Yancey: School Department gets plush new offices, while high-school students get 'substandard' buildings

Boston's City Councilor Charles Yancy just keeps on going -- working with parents fighting for the kids in his district (and mine) to have an Opportunity to Learn: Quality Education, Safe Buildings. 

From the Dorchester Reporter:

City Councilor Charles Yancey has a new tactic in his long-running battle to get a high school built in Mattapan: Blasting the city's plan - which he voted for - to spend $115 million moving BPS headquarters from Court Street downtown to the old Ferdinand building in Dudley Square, when nearly 4,000 high-school students attend classes in "substandard" buildings originally built for elementary students or as warehouses.

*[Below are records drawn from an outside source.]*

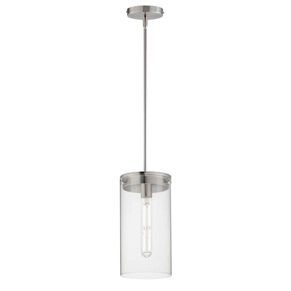 Simple clear glass cylinders are secured by decorative thumb screws in this transitional collection of sconces and pendants both neutral in design and suitable for damp applications. Choose from Satin Nickel or a two-tone Black and Satin Brass finish to pair with popular interior finishes in hardware, plumbing and decor.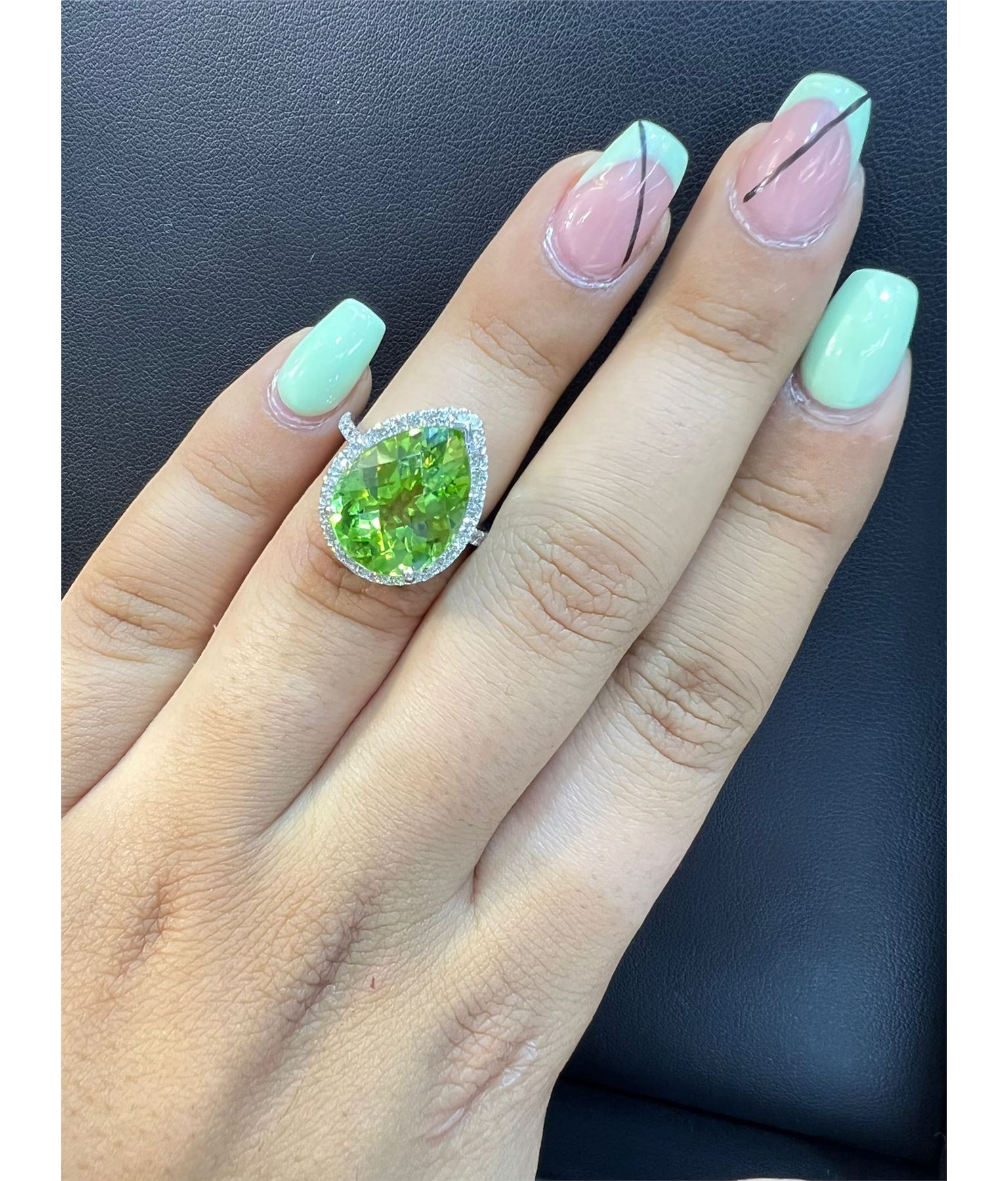 14K White Gold Ring 4.92gm / 9.26ct Natural Peridot / Diamonds 0.71ct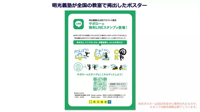 - LINE上で学習塾に関するアンケートに回答すると、明光義塾オリジナルキャラクター「サボロー」のLINEのスタンプをダウンロードできる施策を2023年3〜7月に実施

At a hearing tonight, Yancey asked for the city to borrow $110 million to build a high school on a college-like 15-acre campus on the grounds of the former Boston State Hospital. Students and their parents have waited long enough for a modern high school like the ones that have sprung up in surrounding suburbs, he said.

Yancey gained support from councilors at-large Councilor Felix Arroyo and Roxbury Councilor Tito Jackson.
 
But Allston/Brighton Councilor Mark Ciommo said he couldn't support building a new high school when existing schools - including Brighton High in his district - already have their own pressing issues. Ciommo said he is worried the costs of a new high school would take away from the capital budget for all the other schools in the district and that it just wouldn't be prudent to add a new high school when projections show BPS continuing to lose students.